Artists Seek Release of Egyptian Writer Jailed over Sex Scene

W460

More than 120 writers, journalists and artists around the world have urged Egypt's president to free a novelist jailed for two years over a sexually explicit scene in a book.

The signatories, who are also demanding that novelist Ahmed Naji be acquitted, include the writers Robert Caro and Philip Roth, film director Woody Allen and composer Stephen Sondheim, said Pen America, an organization that defends freedom of expression.

Naji was jailed in February after an Egyptian court ruled that his novel "The Guide for Using Life" offended public decency.

A chapter of it was published in a state-owned newspaper and the Egyptian censorship board had approved the book.

Naji will be honored May 16 at the annual PEN Literary Gala New York City. His brother Mohamed will accept the award on his behalf, Pen America said.

"Writing is not a crime," reads the letter to President Abdel Fattah al-Sisi. It says Egypt's constitution protects freedom of expression.

The jailing of Naji is "emblematic of the Egyptian government’s deeply troubling crackdown on free expression."

Ahmed Naji, who has written three novels and works at the literary review Akhbar al-Adab, is an outspoken critic of the government.

He went on trial after a reader of the literary review complained that a passage in "The Guide for Using Life" containing explicit reference to sex and drug use had caused the reader to feel physically ill.
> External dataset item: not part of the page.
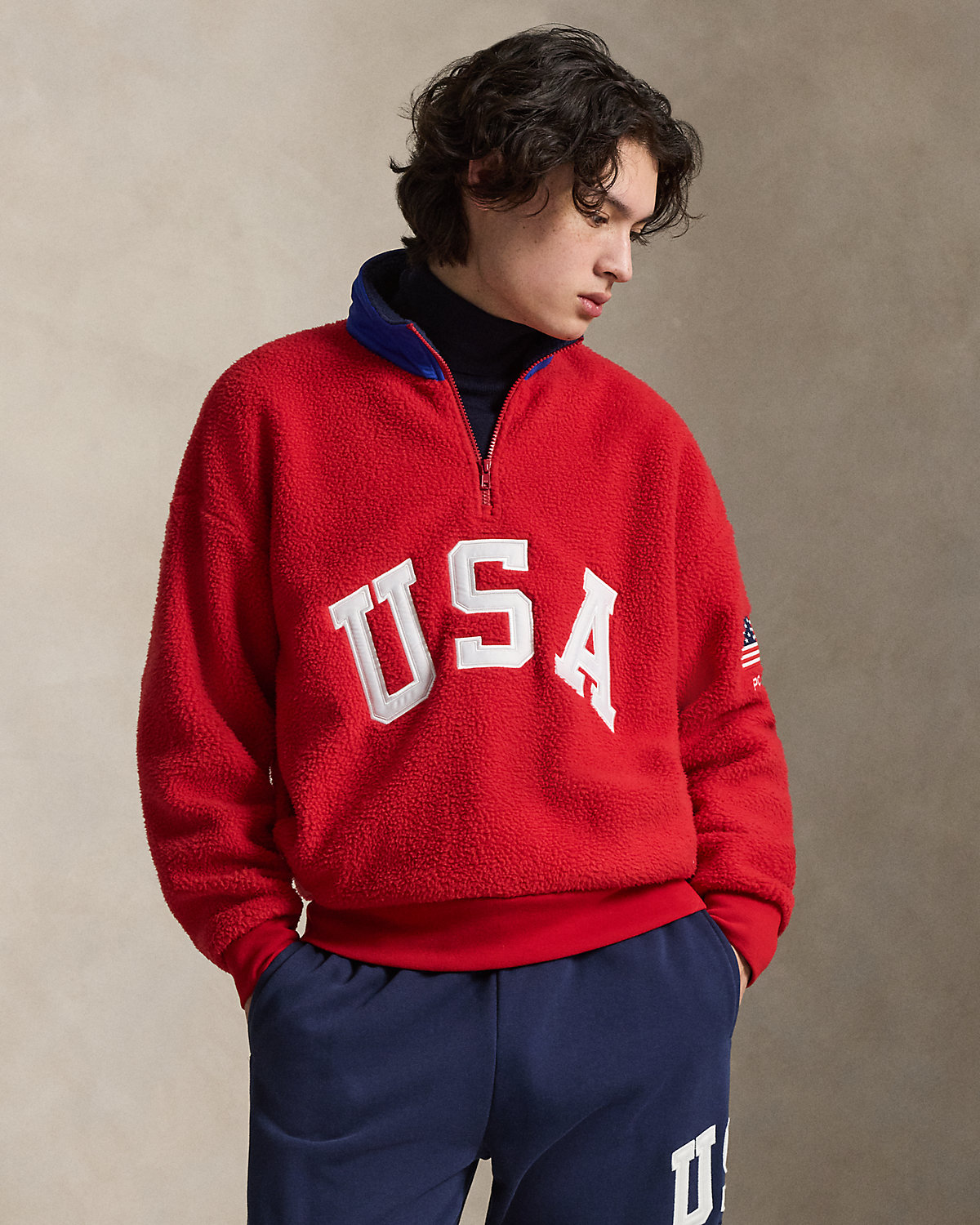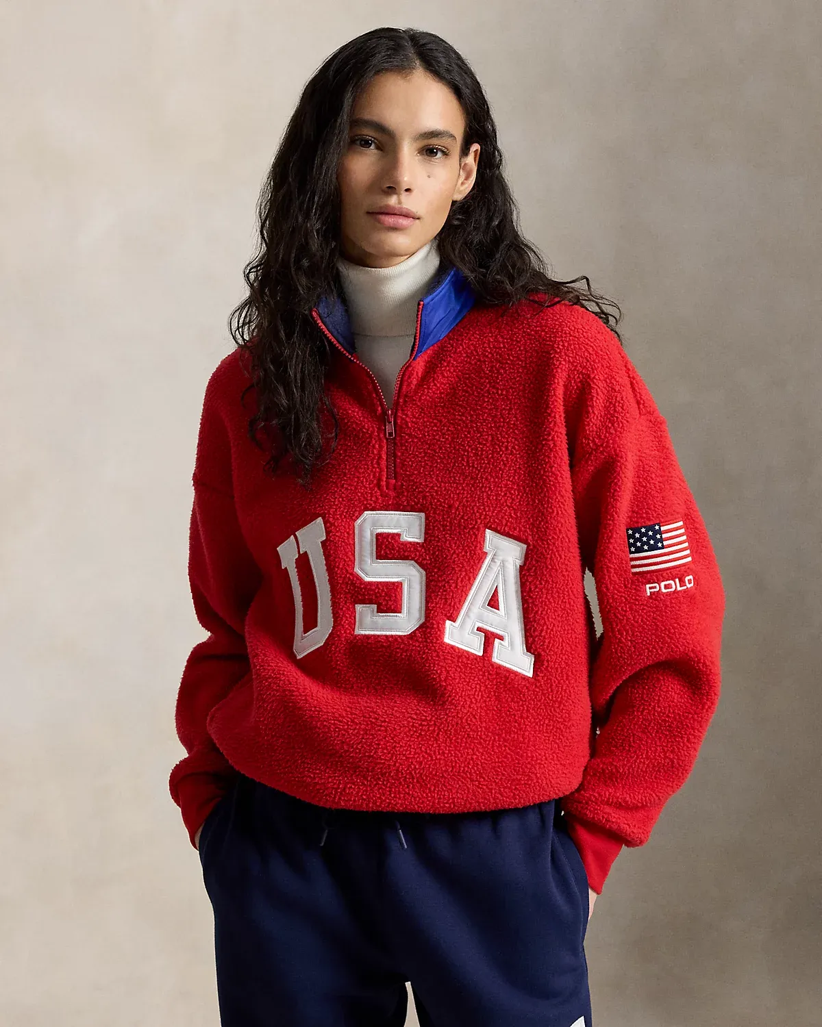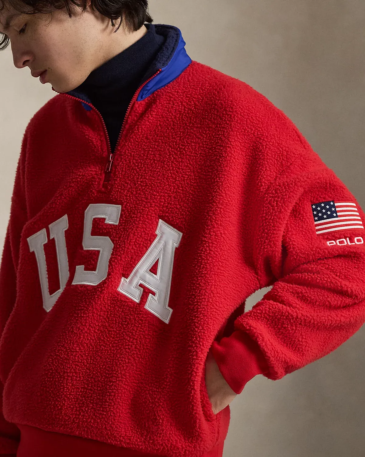 Drawing inspiration from archival Polo Ralpthth Lauren sportswear, this unisex pullover features appliqués spelling out “USA,” as well as a historical American flag and our logo.

Naji was acquitted at first but prosecutors and appealed and won. Naji got a two year prison sentence.

Sex and drugs are "subjects so relevant to contemporary life that they are addressed through creative expression worldwide, and clearly fall within Egypt’s constitutional protections for artistic freedom," the letter said.

The case comes more than two and a half years after then army chief al-Sisi overthrew president Mohamed Morsi, accusing him of imposing an Islamist agenda on the country.